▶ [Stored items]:

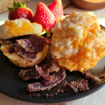 Experience comfort food with a kick. Our Cheese Scones with The Ember Cut biltong blend sharp cheddar and hand-cut artisanal beef for a warm, flaky, and unforgettable snack. Perfect for brunch boards, cozy mornings, or sharing with friends — these scones take Alberta’s local flavors to the next level.
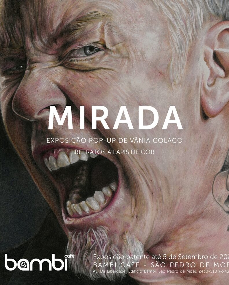 “MIRADA” é uma exposição “pop-up” constituída por retratos realistas a lápis de cor. Apresentados sob a forma de reproduções dos trabalhos originais, selecionados de uma série temática ainda em desenvolvimento.
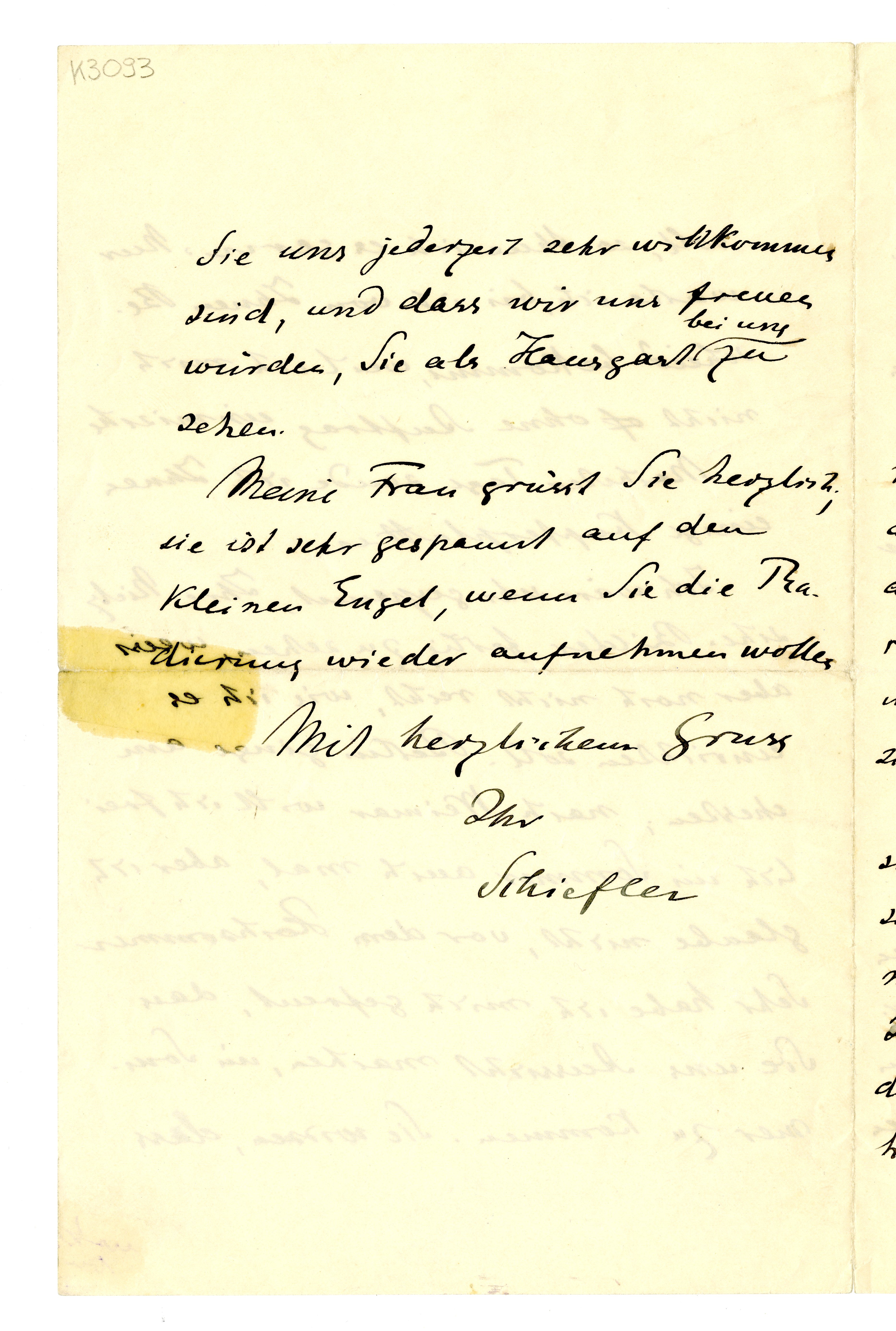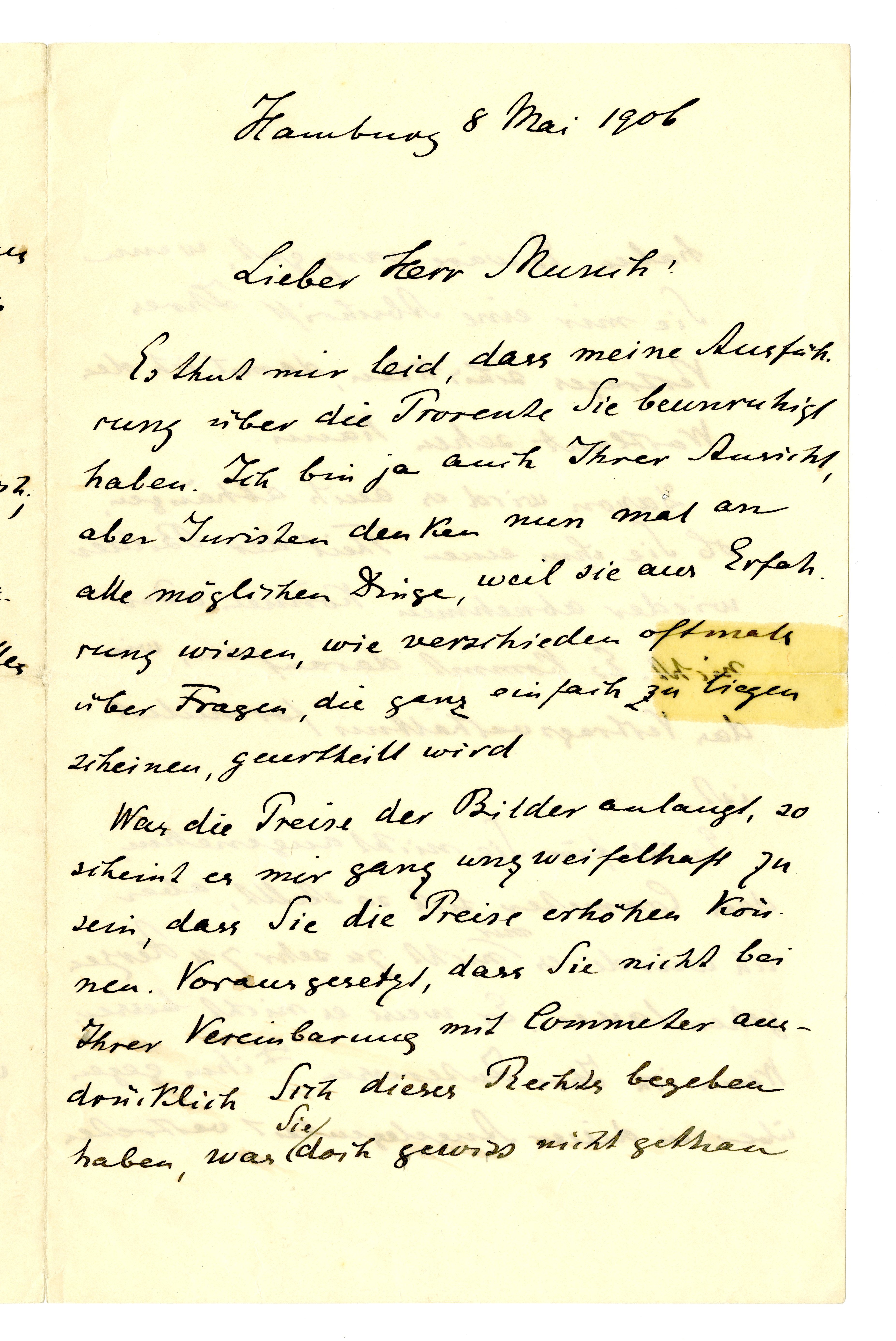 MM K 3093, Munchmuseet. Datert 08.05.1906. Brev fra Gustav Schiefler.
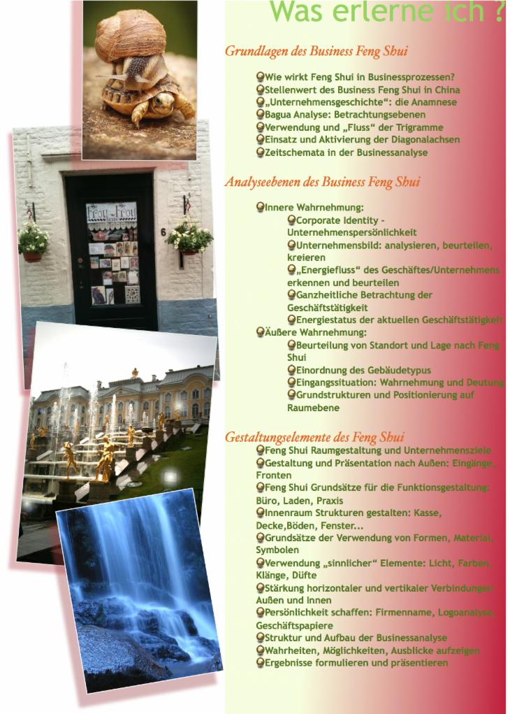 Wissen und Können im Feng Shui um eine wichtiges Arbeitsfeld erweitern wollen von besonderer Bedeutung.
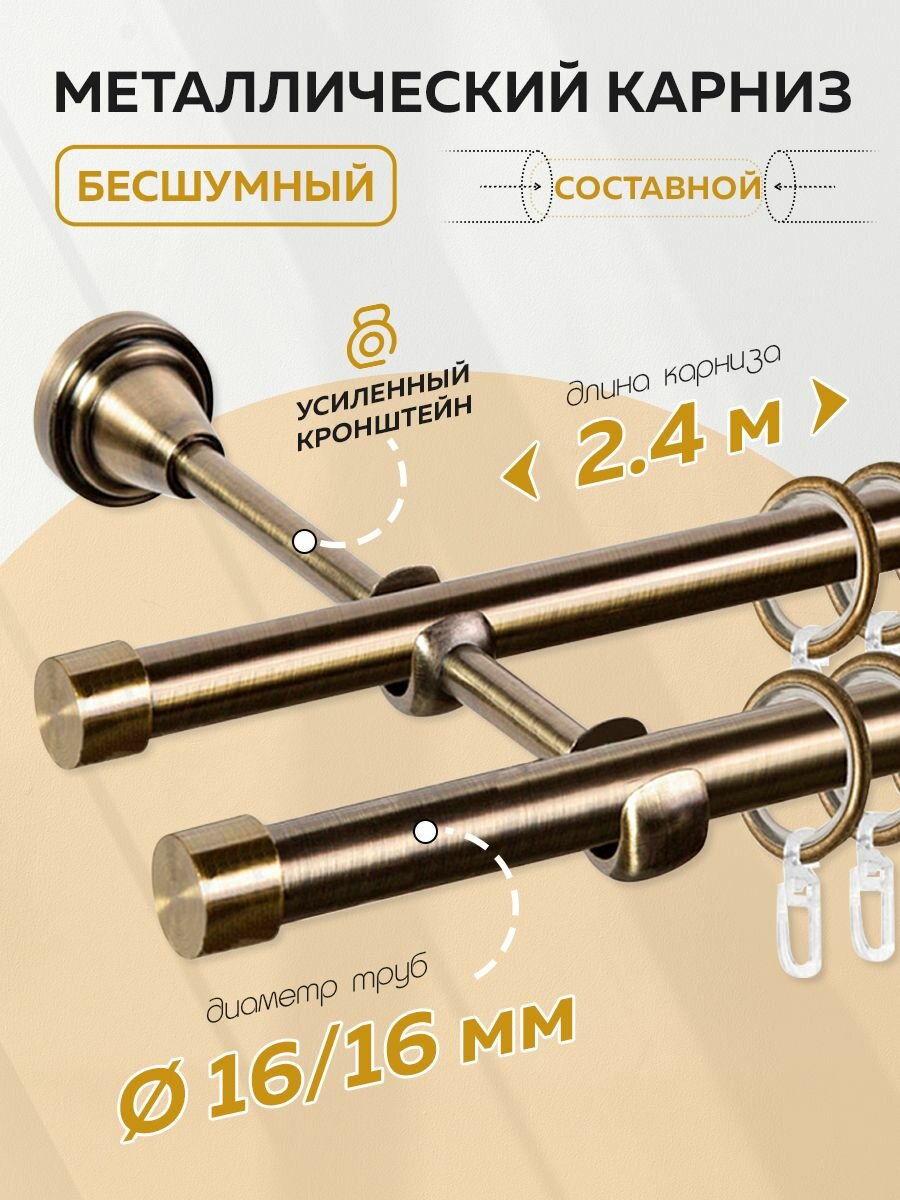 Карниз для штор двухрядный металлический гладкий Mirtex "шишка" 16/16 мм цвет Антик, длина 2,4 м
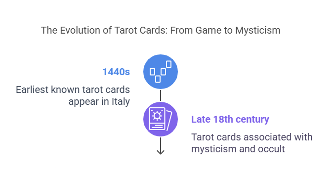 By the late 18th century, tarot cards began to be associated with mysticism and the occult. Figures such as Antoine Court de Gébelin and Jean-Baptiste Alliette (known as Etteilla) popularized the idea that tarot cards held esoteric knowledge and could be used for divination. This shift marked the transition of tarot from a mere game to a spiritual tool.

▶ [Goal of the exercise]: Please copy the lines above exactly, starting at the line that holds "Wissen und Können" and ending at the line that holds "Карниз для штор"; include both, but no pictures.

▶ [Solution]:
 Wissen und Können im Feng Shui um eine wichtiges Arbeitsfeld erweitern wollen von besonderer Bedeutung.
 Карниз для штор двухрядный металлический гладкий Mirtex "шишка" 16/16 мм цвет Антик, длина 2,4 м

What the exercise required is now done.